Edgar Zazueta, a second-year student in the USC Rossier Doctor of Education (EdD) in Organizational Change and Leadership program, serves on the advisory board of PACE’s LCFF Research Collaborative. There he teams with Associate Professor Julie Marsh and other experts — many of them USC Rossier alumni — in exploring new and better ways to measure how districts hold up their end of the bargain.
“When LCFF was being debated, I was on the front lines in Sacramento on behalf of the Los Angeles Unified School District (LAUSD) trying to push that forward — not only because it would benefit the district but because an equity-based formula was the right thing to do,” he says.

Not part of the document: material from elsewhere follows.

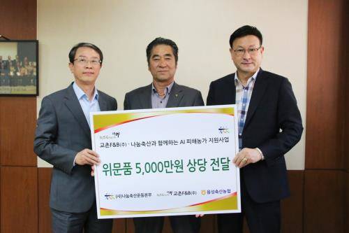 교촌에프앤비 관계자는 "국내 대표 치킨 프랜차이즈로서 AI 피해농가에게 의미 있는 나눔을 전하고자 이번 기부를 결정했다"며 "소외된 이웃에 대한 관심을 높일 수 있는 계기가 되길 바란다"고 말했다.

Zazueta spent nine years with LAUSD — first as chief legislative representative and later as its director of government relations and then external affairs. Prior to that he worked with the White House Initiative on Educational Excellence for Hispanic Americans and in the office of a California state senator focusing on education issues.
In November 2015, Zazueta joined the Association of California School Administrators (ACSA), where, as senior director of policy and government relations, he led the organization’s advocacy efforts in Sacramento and Washington, D.C.
“I’ve seen the opportunities and challenges of LCFF from the perspective of California’s largest district to now hearing from ACSA members around the state,” he says.
Among those challenges is a lack of sufficient resources. “The system is still very much underfunded,” Zazueta notes. “I visit schools and districts around the state, and I’ve yet to encounter a teacher, school administrator or superintendent who says, ‘OK, we’re good. We don’t need any more.’ LCFF really has to be the mechanism to go to your community and, in a time of scarce resources, determine what to prioritize.”
Another issue is measuring whether the new approach is driving accountability and stakeholder engagement. “In some places, the LCAP is being used as a strategic planning document for school leaders,” he says. “In others, it does feel like a compliance exercise.
This is an experiment in many ways, about the whole notion of local control and giving so much authority to those districts. We all have a responsibility to continue to evaluate that, analyze it and draw on best practices to ensure we’re really driving systemic change.”
Zazueta’s path may have taken him away from his original dream to teach, but he has devoted his entire career to advancing education.
“Being on this side of things, getting my doctorate and getting to work with these researchers, I have a better appreciation that the data is so underutilized,” Zazueta adds. “Whether it’s LCFF, charter schools or other public policy issues, we really should rely on the best thinking and research. That’s what I find exciting now.”